Я в полном отчаянии. Что они вообще понимают? Случается ли им лежать всю ночь без сна, переживая за свою родную кровиночку? Знают ли они, каково это – видеть, как твой единственный ребенок все больше отдаляется от тебя? Изабелла с каждым днем все больше ускользает от меня. Они не понимают, они даже представить себе не могут, что это такое. Бесполезно пытаться им что-то объяснить. Я допиваю кофе и ухожу сдавать смену.

Мой старенький «ниссан», слава богу, завелся с первой попытки. Прежде чем выехать с парковки, я протерла запотевшие стекла рукавом. Проехала по Хемгатан, выехала на Фалувеген. Позади меня загудел другой водитель, мигнул мне. Меня обогнал молодой парень и показал мне средний палец. Да-да, я должна была остановиться перед перекрестком. Просто слишком много всего. Мысли вертятся в голове, как сумасшедшие. Я сама не своя.

Я свернула к дому. Долго сидела в машине и размышляла. Приятно было уйти с работы, но мне не хотелось домой, где меня ждала только пустота. Если бы Изабелла захотела снова вернуться домой! Тогда мы были бы вместе. Как прежде. Все стало бы, как прежде.

К моему величайшему удивлению, она позвонила вчера и рассказала о психотерапии. Раньше эта тема была табуирована. Изабелла отказывалась что-либо рассказывать. Даже вела себя совершенно нагло: заявляла, что меня это не касается. Теперь она в полном восторге. Говорит, это так много ей дает, от терапии такая польза! Но когда я спросила, что именно это дает, она не захотела отвечать. Но все в группе как бы на ее стороне, понимаешь, мама?
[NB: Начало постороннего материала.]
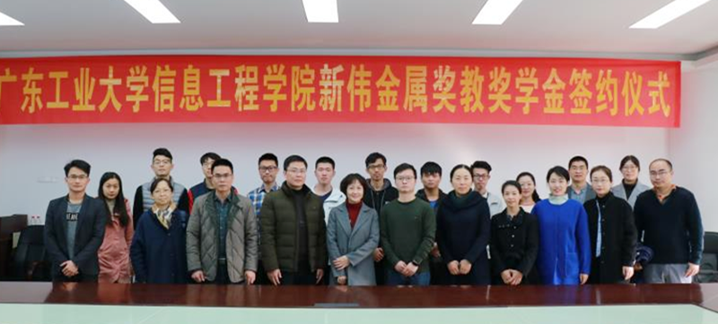 本网讯 1月9日下午,我校信息工程学院与韶关市新伟金属工贸有限公司专门设立的“新伟金属”奖教奖学金签约仪式在工学一号馆201室举行。签约仪式上,我校2007级信息工程(应用电子技术方向)院友、韶关市新伟金属工贸有限公司林燕彬校友表示了母院对自己教育培养的感恩之情,表达设立奖教奖学金的初衷,他希望发挥奖教奖学金的激励与导向作用,用“现在我以华亿体育(中国)游戏平台为豪,今后华亿体育(中国)游戏平台以我为豪”的精神激励更多优秀学子刻苦学习,服务学生,立志成才,报效祖国。邓俊书记代表学院对支持学院发展的新伟金属工贸有限公司表示感谢,对林燕彬校友长期关心关注学院发展表示感激,她期待“新伟金属”奖教奖学金的设立,能有效推动学院师德师风建设和人才培养工作,强调全体教工要更加严格要求自己,践行立德树人的根本要求,学生干部要继续勤奋学习,努力工作,为社会和学校的发展做出贡献。在现场师生的共同见证下,邓俊与林燕彬共同签署华亿体育(中国)游戏平台信息工程学院“新伟金属”奖教奖学金协议书。

Нет, не понимаю. Совершенно не понимаю я этого.

В моем представлении свои проблемы нужно решать самому, просто по-другому никак. Я хочу, чтобы Изабелла разговаривала со мной, а не с какими-то случайными людьми в группе психотерапии. Кто знает, что это за люди, какое у них прошлое, что они там ей насоветуют? Я хочу, чтобы мы во всем разобрались сами, чтобы мы с ней сели и поговорили. Но придется дать ей сначала попробовать другой путь. Посмотрим, увидим. Настанет момент, когда все разрешится, уж об этом я позабочусь.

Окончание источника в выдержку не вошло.